Moderniser les capacités de la NCG et mettre en oeuvre une véritable stratégie de surveillance de la ZEE, en mobilisant la technologie : drones, satellites, patrouilleurs régionaux. Mettre un terme à la location onéreuse de remorqueurs, et investir dans une flotte moderne, détenue par l’État ou en partenariat public-privé, exploitée par des Mauriciens. Encadrer strictement l’exploitation des ressources marines profondes, en conformité avec les normes internationales et environnementales (UNCLOS).»

Par ailleurs, Alain Malherbe estime qu’il faudrait «accorder des incitatifs forts aux sociétés de pêche locales, afin de réduire notre dépendance aux importations et d’assurer une sécurité alimentaire maritime fondée sur nos propres ressources ; assainir toutes les institutions maritimes concernées en mettant fin à la politisation, au clientélisme et à l’inefficacité chronique. Tant que ces institutions clés resteront prisonnières de la politisation, des luttes internes, de la gestion opaque et de l’absence de leadership technique, aucune politique maritime sérieuse ne pourra émerger».

Il faudrait aussi redynamiser la Sea Training School, lui donner les moyens d’assurer une formation de qualité et conscientiser nos jeunes aux métiers de la mer – de marin au marin-pêcheur – en passant par la logistique, la biotechnologie marine ou la gestion portuaire.

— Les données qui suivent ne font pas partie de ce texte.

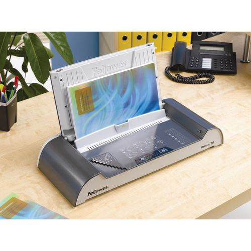 | Nombre del producto | Encuadernadora térmica Fellowes, Longitud: 24 cm, Ancho: 53 cm, Altura: 10 cm, Para formato: A4, Peso: 2.6 kg |

D’ailleurs, l’enfant pauvre de l’économie bleue, déplore Judex Rampaul, militant de longue date pour la défense de la pêche, reste la communauté côtière. Il rappelle que, depuis 1995, tous les gouvernements présentent la mer comme un secteur au potentiel immense pour le pays. Pourtant, selon lui, les développements réalisés n’ont profité qu’à une minorité d’acteurs, au détriment de la communauté côtière. «Le secteur a été développé au profit de flottes étrangères et pour le bien-être de certains politiciens.»

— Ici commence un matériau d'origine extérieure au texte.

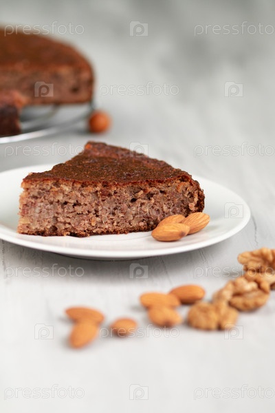 Домашний полезный пирог из орехов и фиников, без муки. Органические продукты питания, пустое место для текста

Judex Rampaul évoque notamment le transbordement en mer, l’augmentation des activités portuaires et l’utilisation des zones côtières comme espaces de stationnement pour les navires étrangers, au détriment de la protection des barrières récifales. Il dénonce également la pêche illégale dans les eaux mauriciennes et l’exploitation massive des ressources halieutiques par des flottes étrangères. «La by-catch, capture accessoire de nombreuses espèces, montre bien comment nos ressources sont pillées.»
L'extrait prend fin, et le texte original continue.